=== EXERCISE DIRECTIONS ===
Wherever a picture appears, skip it and retype the rest of the data exactly.

Extracted records:
※ ※ ※

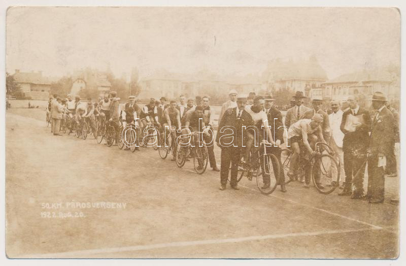 1922 Az 50 km-es páros kerékpár verseny résztvevői és az edzők, fotóla... https://www.darabanth.com/hu/218-Gyorsarveres/218.0/Festmeny-mutargy-papirregiseg-egyeb/Foto~200005/1922-Az-50-km-es-paros-kerekpar-verseny-resztvevoi-es-az-edzok-fotolap-9x14-cm~II925421
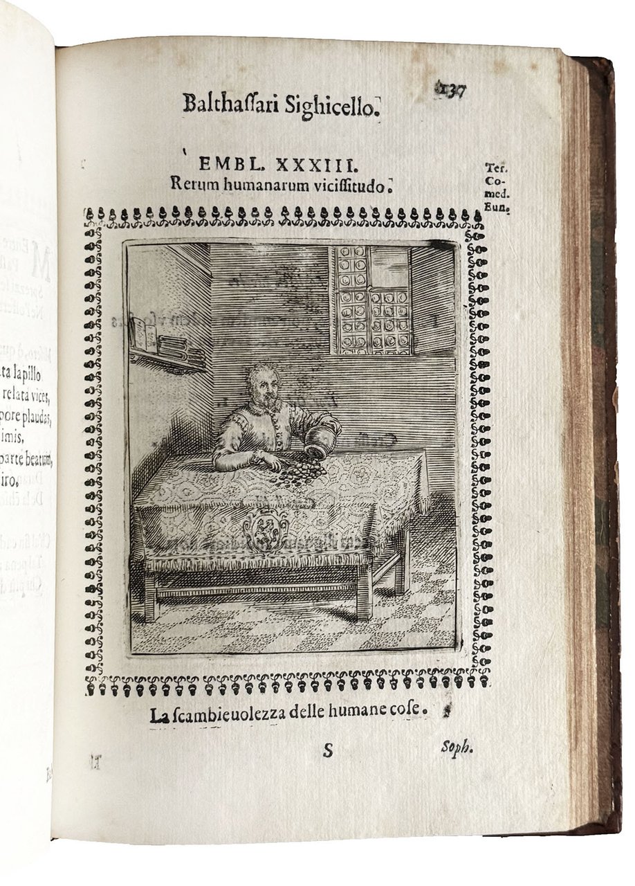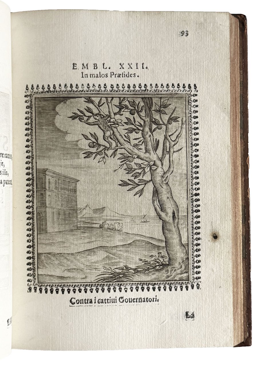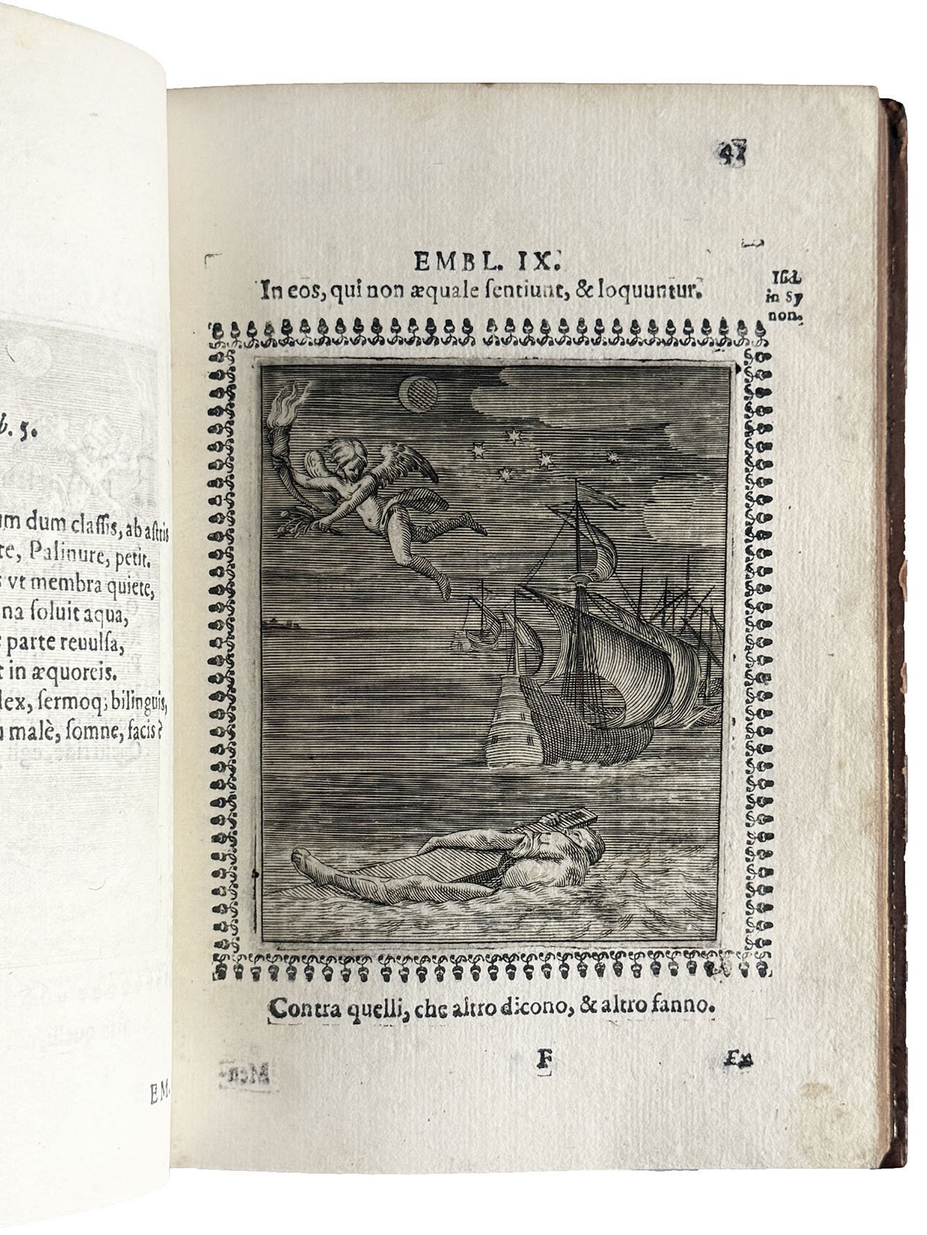 First edition of this lively and richly illustrated emblem book, which often offers an interesting iconography on contemporary life in Bologna.
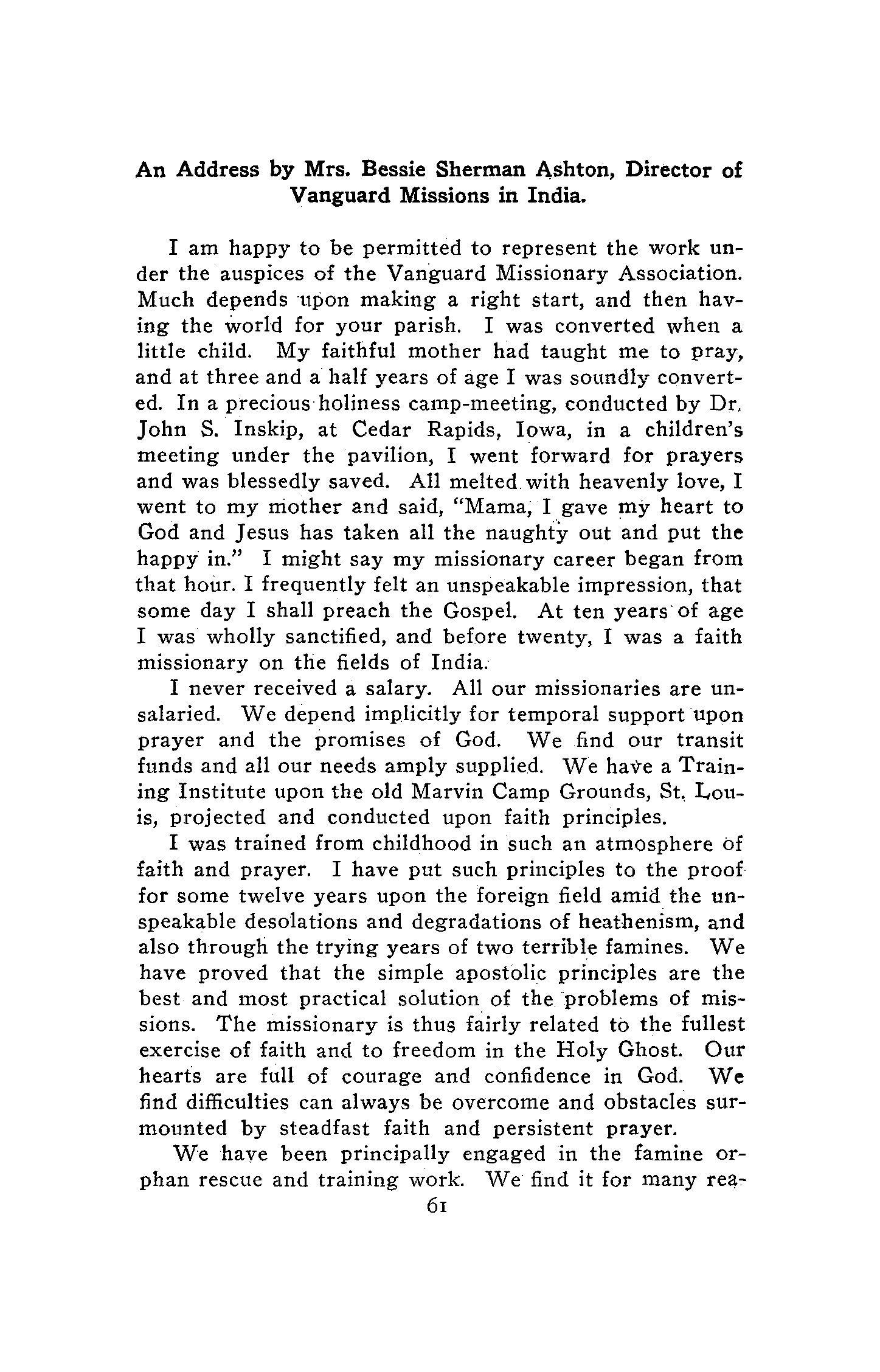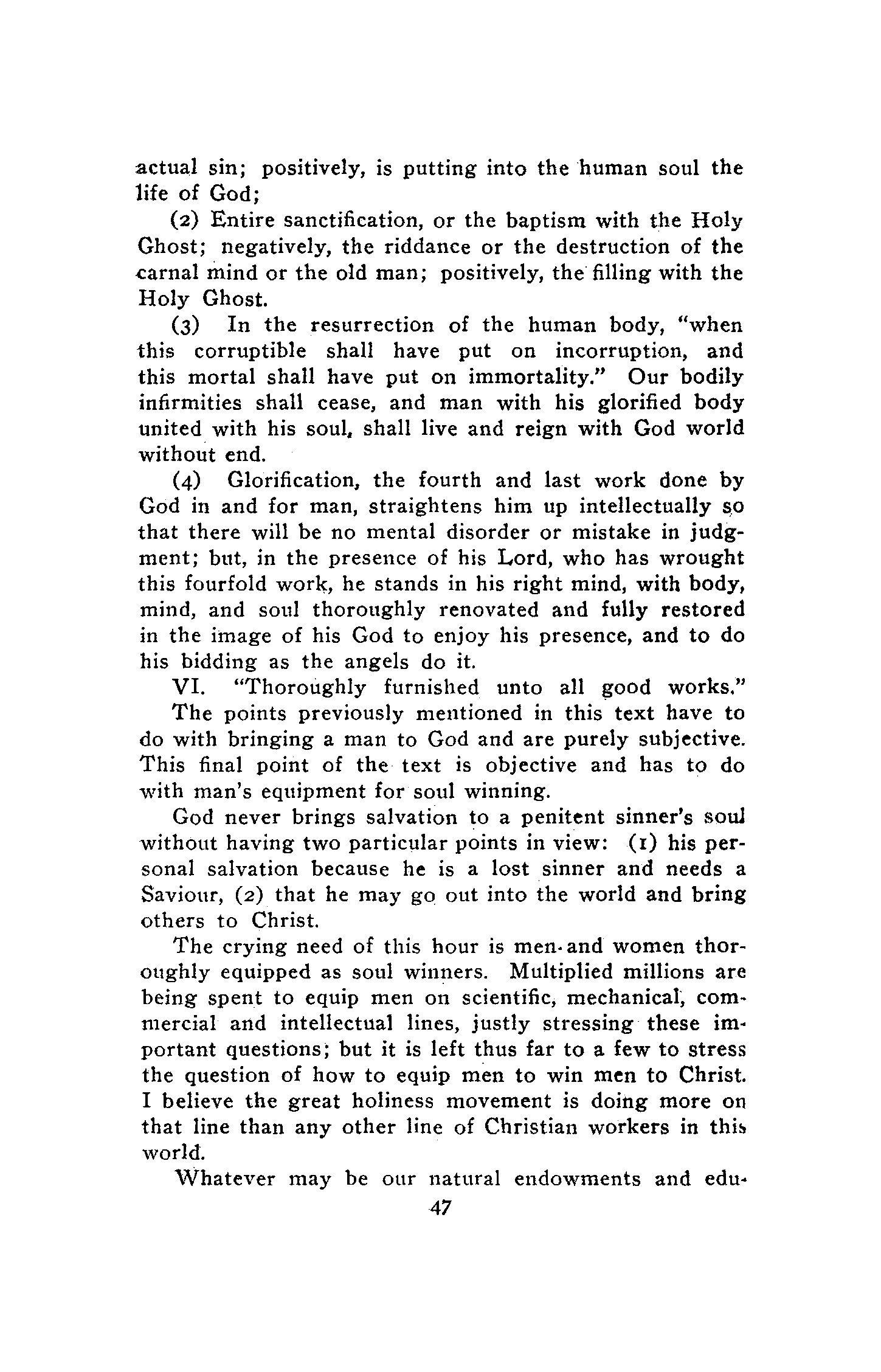 Another thing: the holiness crowd is doing more for the reclamation of the backslider and his restoration to the church and a useful life than any other class of the ministry. Nearly all that is being done on that line is by preachers baptized with the Holy Ghost. The churches are mainly working for conversions outside of the fold and for "joiners."
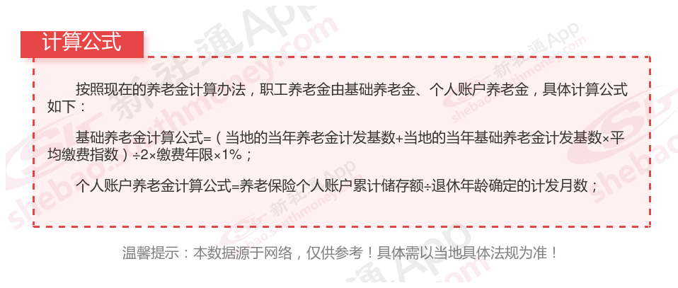 基础养老金=(参保人员退休时当地上年度在岗职工月平均工资+本人指数化月平均缴费工资)÷2×缴费年限×1%。
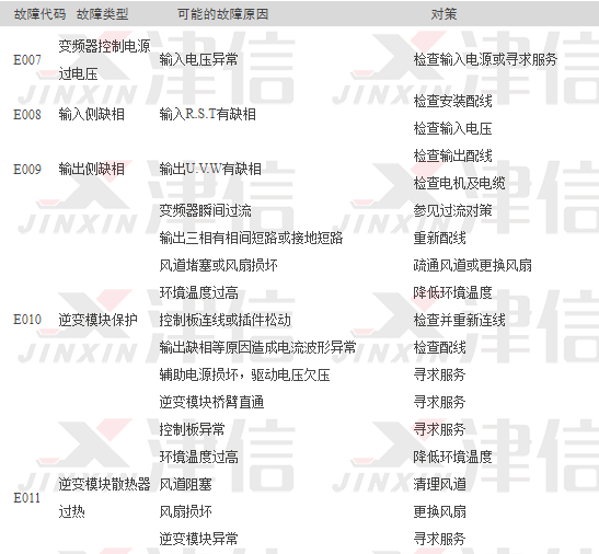 1,故障代碼E001,E002,E003,E004,E005,E006

※ ※ ※

=== OUTPUT FOR THIS EXERCISE ===
 1922 Az 50 km-es páros kerékpár verseny résztvevői és az edzők, fotóla... https://www.darabanth.com/hu/218-Gyorsarveres/218.0/Festmeny-mutargy-papirregiseg-egyeb/Foto~200005/1922-Az-50-km-es-paros-kerekpar-verseny-resztvevoi-es-az-edzok-fotolap-9x14-cm~II925421
 First edition of this lively and richly illustrated emblem book, which often offers an interesting iconography on contemporary life in Bologna.
 Another thing: the holiness crowd is doing more for the reclamation of the backslider and his restoration to the church and a useful life than any other class of the ministry. Nearly all that is being done on that line is by preachers baptized with the Holy Ghost. The churches are mainly working for conversions outside of the fold and for "joiners."
 基础养老金=(参保人员退休时当地上年度在岗职工月平均工资+本人指数化月平均缴费工资)÷2×缴费年限×1%。
 1,故障代碼E001,E002,E003,E004,E005,E006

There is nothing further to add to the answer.